How forecasting and what-if analysis works in Quicksight?

Forecasting and what-if analysis features are the advanced built-in machine learning algorithms Amazon Quicksight. With a few simple clicks, we can apply these algorithms to the datasets and make them available in the dashboard.

Anomalies in the data are automatically excluded by Amazon QuickSight from having an impact on the projection. Additionally, interactive what-if analysis can be done with ML-powered forecasting to identify the growth trajectory required to accomplish corporate objectives. Let’s dive into the concepts.

Forecasting:

Following are some of the steps to add forecasts to your visuals in the Amazon Quicksight.

  • To create a forecast, it is necessary for us to have a date dimension and measure but you can add up to three measures in the visual. For instance, in the following visual we have the order date as a dimension and the order id as a measure.

  • Then, after toggling the two down-ward arrows, you will see a bunch of options where you have to choose the option with the three dots and you will have a pop-up with options having Add forecast.
  • Choose add forecast option on the pop-up, now you will see the changes on your visual that show the forecast for the next 14 periods because by default QuickSight automatically analyses the past data and presents a graphical forecast for the subsequent 14 periods using the inbuilt machine learning algorithm.

  • Period Forward represents the periods to set for the future periods whereas Period backward is to set periods for the past, basically, it is a way to find out how well the forecasting is performed by applying the model to the previous periods.

  • Prediction Interval sets the forecasting range. By altering the prediction interval, the size of the possible range surrounding the forecast line is altered. For instance, in the following graphical representation when the prediction interval is set to 50, the upper and lower bound of the expected forecast values is narrowing down.

  • Seasonality decides how many time periods the data’s predictable seasonal pattern spans. The automatic setting is the default, and the range is 1-180.

For instance, in my case, the following graph’s seasonality is 12 because the values are shown by the month and we have a drop at the end of every year. If you are having it by days, then you can go head by week. However, in most cases, Quicksight takes care of the seasonality automatically as the automatic option is selected by default but in some cases, we might have to pass in the time period range to get the meaningful seasonality graph.

  • Forecast boundaries allow us to set the minimum and maximum forecast values to stop the value from going above or below the specified range. As you can see from the following graph, we are setting the maximum forecast as 500, and the minimum forecast as 100, after applying it to the visual, the upper and lower bounds of forecast values are not going beyond 500 or below 100.

Then apply to save the changes.

What-if analysis:

What-if analyses are applied to the forecasted periods of the forecasting visual. If you right-click on one of the forecasting points, it gives you a tiny pop-up where it says what-if analysis. The following picture is for your reference.
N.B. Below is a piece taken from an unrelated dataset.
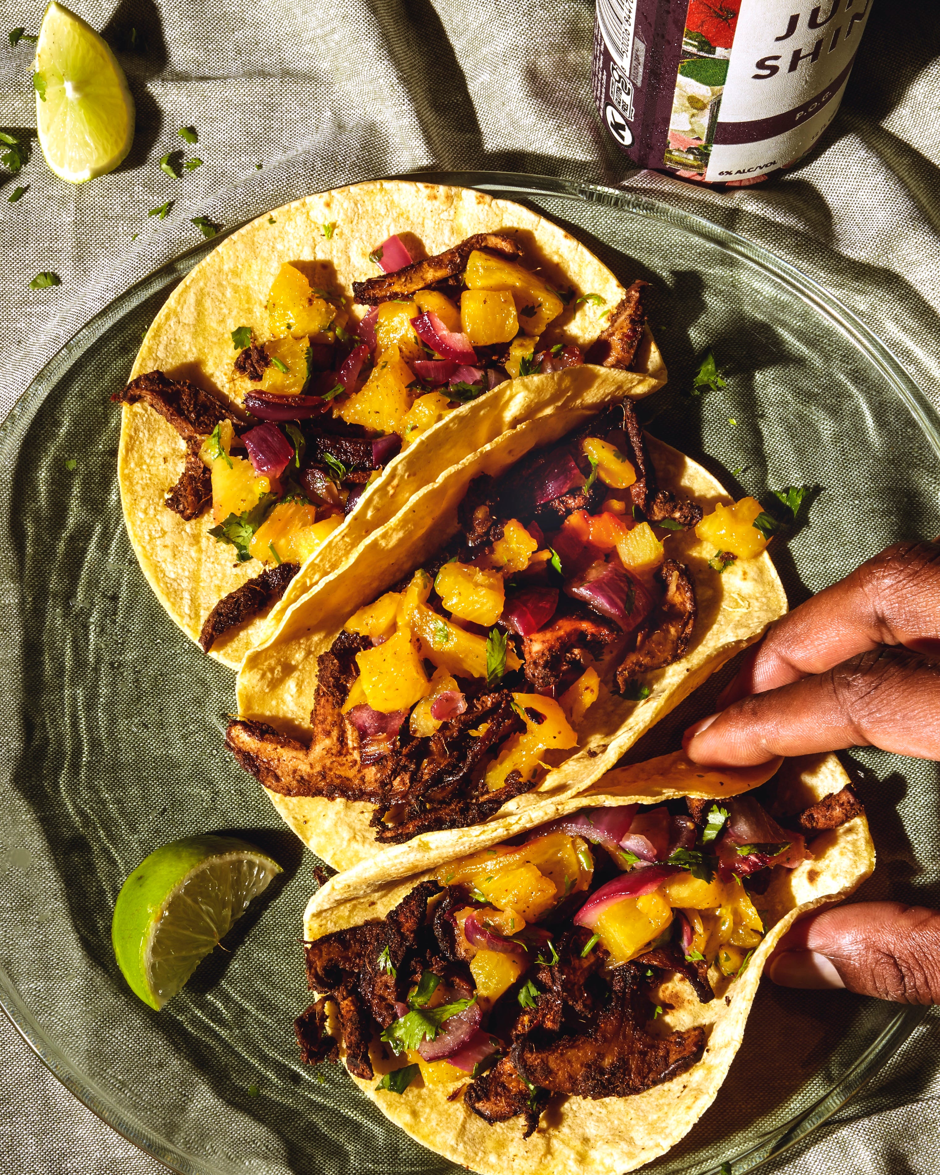 BUILD THE TACOS: Divide the roasted mushrooms among the tortillas (a little goes a long way), topping with some of the pineapple salsa, and serve.

  • After you click the what-if analysis pop-up, you will see a new window on your left with the name what-if analysis and will have the scenario, date, and target as options.
  •  If you choose to set a target for a date in the scenario, you will have one date to choose and that would be one of the periods of your forecasted values.

In my case, I applied the what-if analysis for February 2024 and I set the target as 645. The top line of the visual is the what-if analysis line and the bottom one is the actual forecast line. As you can see the what-if analysis line, has adjusted the entire forecast values according to the target (645) we set for February 2024.
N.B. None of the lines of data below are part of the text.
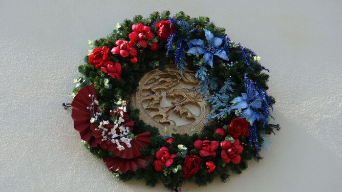 The wreaths and garland found in and around The Blue Dragon feature the restaurants blue and red color scheme.
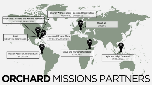 At The Orchard Church, we believe that everyone's a missionary. You don't have to go overseas or quit your job to spread the good news. Jesus has called us to serve those around us, and it's easy to find your mission field. Just look down. Wherever your feet are is your current mission field.
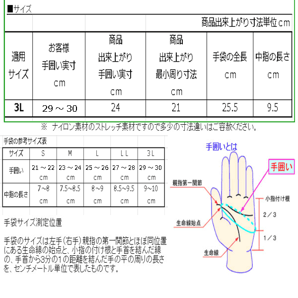 ■3Lサイズはきわめて手の大きい男性サイズです。

  • Then, Choosing set a target for a time range in the scenario drop-down would give the start date and end date to select the range of dates and the target is going to be the sum of the entire range. For example, if you are setting the range from January 2024 to February 2024, then the target is going to be the addition of the two months, after which you click and the entire forecast values are going to adjust according to the target value set for the range

In addition, what-if analysis can also be removed from the visual after clicking the dot on the metric line for which have created what-if analysis. You can also create additional what-if analysis, but to do so you have to close the existing one.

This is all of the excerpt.